Towns A and B are 420km apart. Two lorries departed from A at the same time travelling towards B. Lorry x travelled at an average speed of 15km/h less than Y and reached 1 hour 24 minutes later.

Let the average speed of lorry Y be S km/h.
Therefore, the average speed of lorry X is S - 15 km/h.

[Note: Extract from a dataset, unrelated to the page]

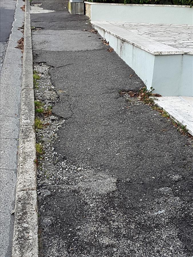 Sgretolamento bitume esistente e formazione di buche su marciapiede di Viale 2 Giugno davanti al civico n° 2 .

The time taken by lorry Y to reach town B is given by:
420/S
The time taken by lorry X to reach town B is given by:
420/(S-15)
According to the problem, lorry X reached 1 hour 24 minutes later than lorry Y, which means that the time taken by lorry X is 1 hour and 24 minutes more than the time taken by lorry Y.
1 hour and 24 minutes is equivalent to 1 + (24/60) hours = 1.4 hours.
So we have the equation:
420/(S-15) = 420/S + 1.4
Multiplying both sides of the equation by S(S-15) to eliminate the denominators, we get:
420S = 420(S-15) + 1.4S(S-15)
Expanding and simplifying:
420S = 420S - 6300 + 1.4S^2 - 21S
Combining like terms:
0 = 1.4S^2 - 21S - 6300
Dividing both sides by 0.1 (to simplify calculations), we get:
0 = 14S^2 - 210S - 63000
Dividing through by 14 (to further simplify calculations), we get:
0 = S^2 - 15S - 4500
Now we can factorize this equation:
0 = (S - 75)(S + 60)
This gives us two values for S:
S - 75 = 0, S = 75
S + 60 = 0, S = -60
Since speed cannot be negative, we discard the second solution.
Therefore, the average speed of lorry Y is 75 km/h.